## WORK ITEM
Retype only what runs from the beginning of the data through the line with "Missa de campanya"; please omit the pictures and keep every line exact.

START LISTED ENTRIES

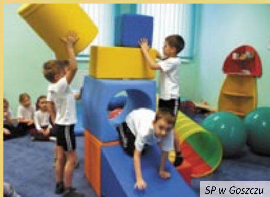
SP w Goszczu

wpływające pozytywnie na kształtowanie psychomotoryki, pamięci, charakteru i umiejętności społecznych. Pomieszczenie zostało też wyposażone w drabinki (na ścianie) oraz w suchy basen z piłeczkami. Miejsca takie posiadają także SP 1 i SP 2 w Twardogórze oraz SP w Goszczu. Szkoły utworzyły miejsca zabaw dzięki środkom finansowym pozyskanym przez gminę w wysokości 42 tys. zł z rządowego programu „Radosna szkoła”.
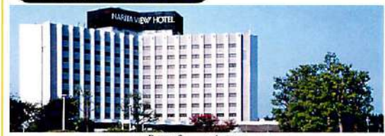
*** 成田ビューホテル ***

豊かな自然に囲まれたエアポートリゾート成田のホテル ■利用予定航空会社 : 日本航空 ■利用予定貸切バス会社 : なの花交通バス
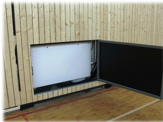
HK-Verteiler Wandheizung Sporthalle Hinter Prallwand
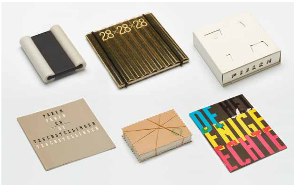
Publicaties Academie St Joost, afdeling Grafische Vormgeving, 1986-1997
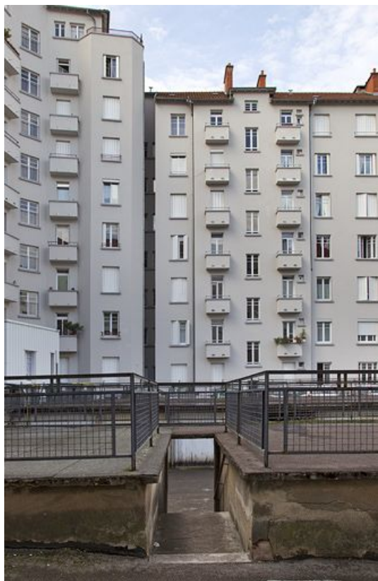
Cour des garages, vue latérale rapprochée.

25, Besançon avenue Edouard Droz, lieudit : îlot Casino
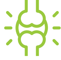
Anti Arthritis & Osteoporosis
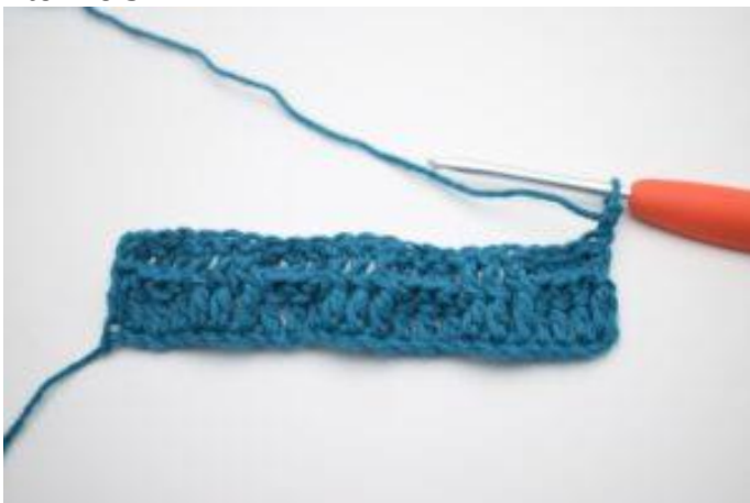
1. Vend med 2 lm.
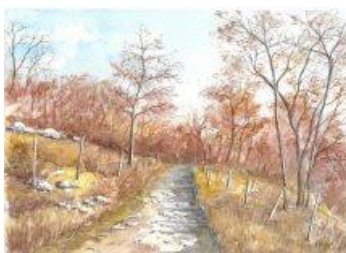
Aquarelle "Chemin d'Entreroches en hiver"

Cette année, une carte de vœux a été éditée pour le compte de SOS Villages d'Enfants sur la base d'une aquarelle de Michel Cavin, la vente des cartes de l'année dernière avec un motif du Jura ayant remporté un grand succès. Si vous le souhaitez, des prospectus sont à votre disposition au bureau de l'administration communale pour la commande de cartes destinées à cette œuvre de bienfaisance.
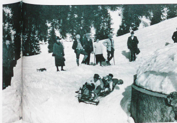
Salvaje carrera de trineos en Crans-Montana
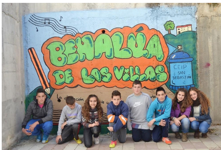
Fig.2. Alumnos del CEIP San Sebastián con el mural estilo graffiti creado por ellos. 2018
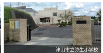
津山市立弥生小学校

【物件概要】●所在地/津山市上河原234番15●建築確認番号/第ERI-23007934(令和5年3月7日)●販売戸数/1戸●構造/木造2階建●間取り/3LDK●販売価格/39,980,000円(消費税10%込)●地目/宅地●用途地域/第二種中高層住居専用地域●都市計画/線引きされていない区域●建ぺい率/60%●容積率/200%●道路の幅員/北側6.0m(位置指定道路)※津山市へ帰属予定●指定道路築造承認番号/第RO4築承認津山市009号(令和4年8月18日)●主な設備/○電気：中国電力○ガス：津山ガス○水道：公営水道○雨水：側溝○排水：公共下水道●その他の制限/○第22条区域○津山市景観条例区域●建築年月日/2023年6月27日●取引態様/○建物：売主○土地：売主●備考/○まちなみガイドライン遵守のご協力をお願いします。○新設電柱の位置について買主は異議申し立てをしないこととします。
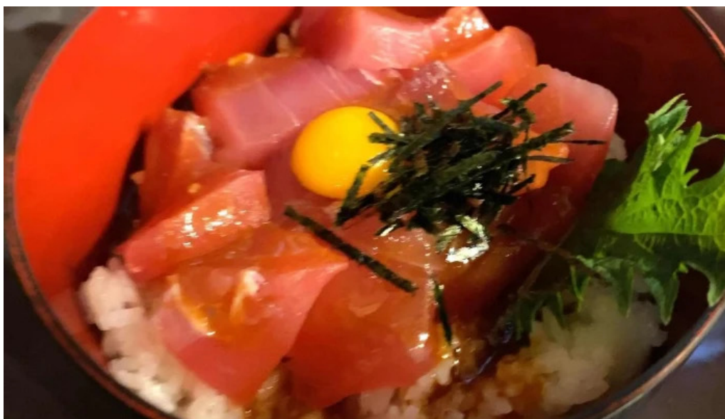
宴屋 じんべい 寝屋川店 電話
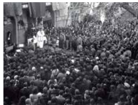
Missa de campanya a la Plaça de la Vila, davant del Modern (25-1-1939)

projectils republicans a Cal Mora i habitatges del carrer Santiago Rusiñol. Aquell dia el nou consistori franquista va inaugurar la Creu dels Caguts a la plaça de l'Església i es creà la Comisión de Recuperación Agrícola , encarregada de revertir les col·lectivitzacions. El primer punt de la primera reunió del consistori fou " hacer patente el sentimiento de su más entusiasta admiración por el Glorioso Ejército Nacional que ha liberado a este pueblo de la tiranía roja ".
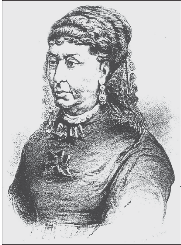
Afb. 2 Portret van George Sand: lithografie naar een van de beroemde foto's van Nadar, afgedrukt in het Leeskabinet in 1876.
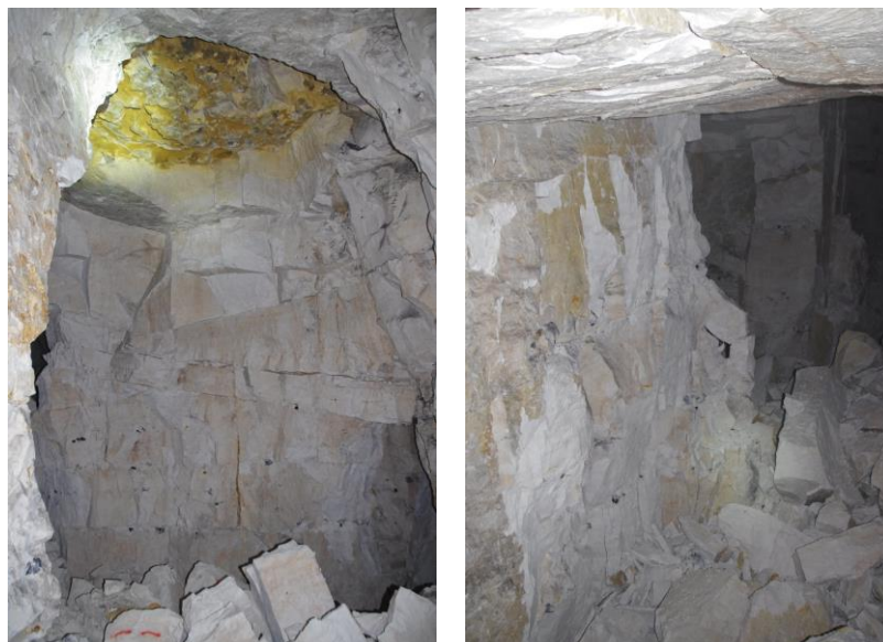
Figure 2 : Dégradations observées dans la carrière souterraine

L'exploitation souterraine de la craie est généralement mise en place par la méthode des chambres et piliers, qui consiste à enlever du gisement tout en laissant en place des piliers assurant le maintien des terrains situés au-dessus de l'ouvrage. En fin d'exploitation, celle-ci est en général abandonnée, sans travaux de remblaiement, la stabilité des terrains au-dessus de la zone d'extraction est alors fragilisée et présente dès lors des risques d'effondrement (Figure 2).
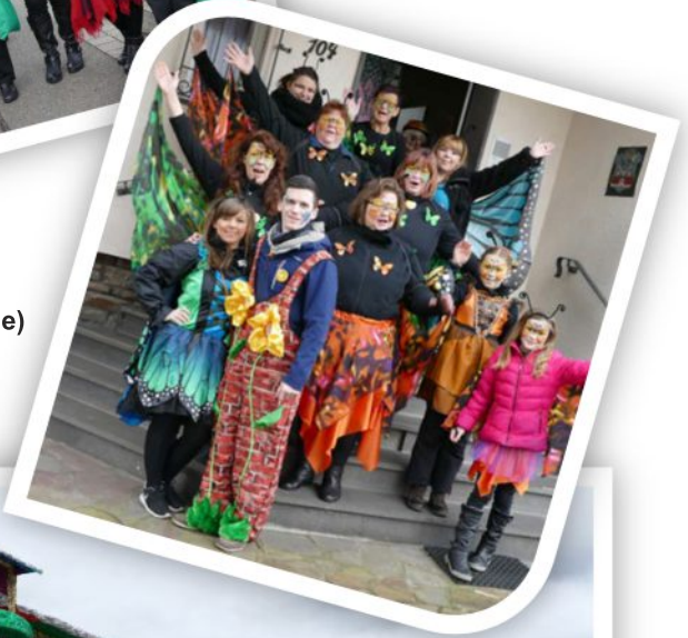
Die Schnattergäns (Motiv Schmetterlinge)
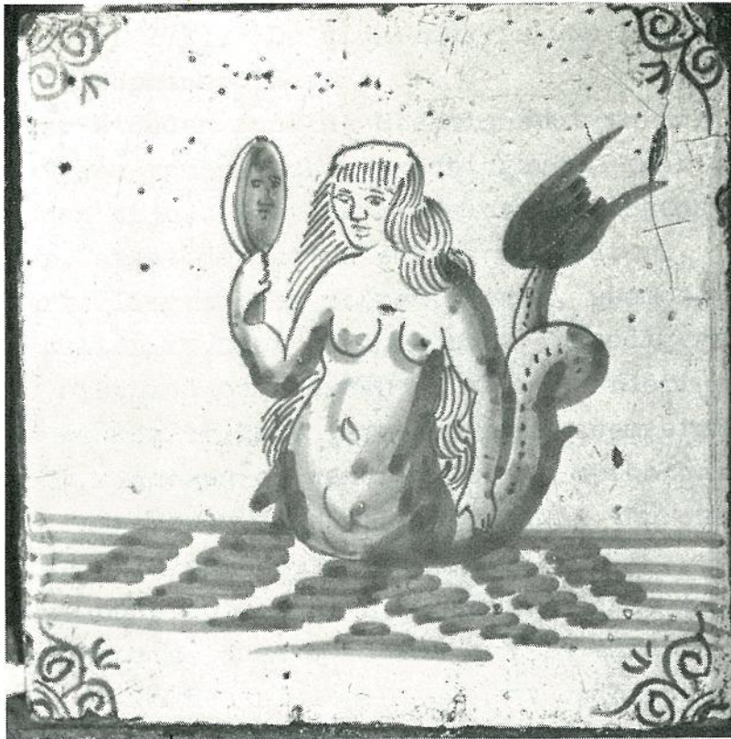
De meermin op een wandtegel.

END LISTED ENTRIES

## ANSWER AREA
SP w Goszczu

wpływające pozytywnie na kształtowanie psychomotoryki, pamięci, charakteru i umiejętności społecznych. Pomieszczenie zostało też wyposażone w drabinki (na ścianie) oraz w suchy basen z piłeczkami. Miejsca takie posiadają także SP 1 i SP 2 w Twardogórze oraz SP w Goszczu. Szkoły utworzyły miejsca zabaw dzięki środkom finansowym pozyskanym przez gminę w wysokości 42 tys. zł z rządowego programu „Radosna szkoła”.
*** 成田ビューホテル ***

豊かな自然に囲まれたエアポートリゾート成田のホテル ■利用予定航空会社 : 日本航空 ■利用予定貸切バス会社 : なの花交通バス
HK-Verteiler Wandheizung Sporthalle Hinter Prallwand
Publicaties Academie St Joost, afdeling Grafische Vormgeving, 1986-1997
Cour des garages, vue latérale rapprochée.

25, Besançon avenue Edouard Droz, lieudit : îlot Casino
Anti Arthritis & Osteoporosis
1. Vend med 2 lm.
Aquarelle "Chemin d'Entreroches en hiver"

Cette année, une carte de vœux a été éditée pour le compte de SOS Villages d'Enfants sur la base d'une aquarelle de Michel Cavin, la vente des cartes de l'année dernière avec un motif du Jura ayant remporté un grand succès. Si vous le souhaitez, des prospectus sont à votre disposition au bureau de l'administration communale pour la commande de cartes destinées à cette œuvre de bienfaisance.
Salvaje carrera de trineos en Crans-Montana
Fig.2. Alumnos del CEIP San Sebastián con el mural estilo graffiti creado por ellos. 2018
津山市立弥生小学校

【物件概要】●所在地/津山市上河原234番15●建築確認番号/第ERI-23007934(令和5年3月7日)●販売戸数/1戸●構造/木造2階建●間取り/3LDK●販売価格/39,980,000円(消費税10%込)●地目/宅地●用途地域/第二種中高層住居専用地域●都市計画/線引きされていない区域●建ぺい率/60%●容積率/200%●道路の幅員/北側6.0m(位置指定道路)※津山市へ帰属予定●指定道路築造承認番号/第RO4築承認津山市009号(令和4年8月18日)●主な設備/○電気：中国電力○ガス：津山ガス○水道：公営水道○雨水：側溝○排水：公共下水道●その他の制限/○第22条区域○津山市景観条例区域●建築年月日/2023年6月27日●取引態様/○建物：売主○土地：売主●備考/○まちなみガイドライン遵守のご協力をお願いします。○新設電柱の位置について買主は異議申し立てをしないこととします。
宴屋 じんべい 寝屋川店 電話
Missa de campanya a la Plaça de la Vila, davant del Modern (25-1-1939)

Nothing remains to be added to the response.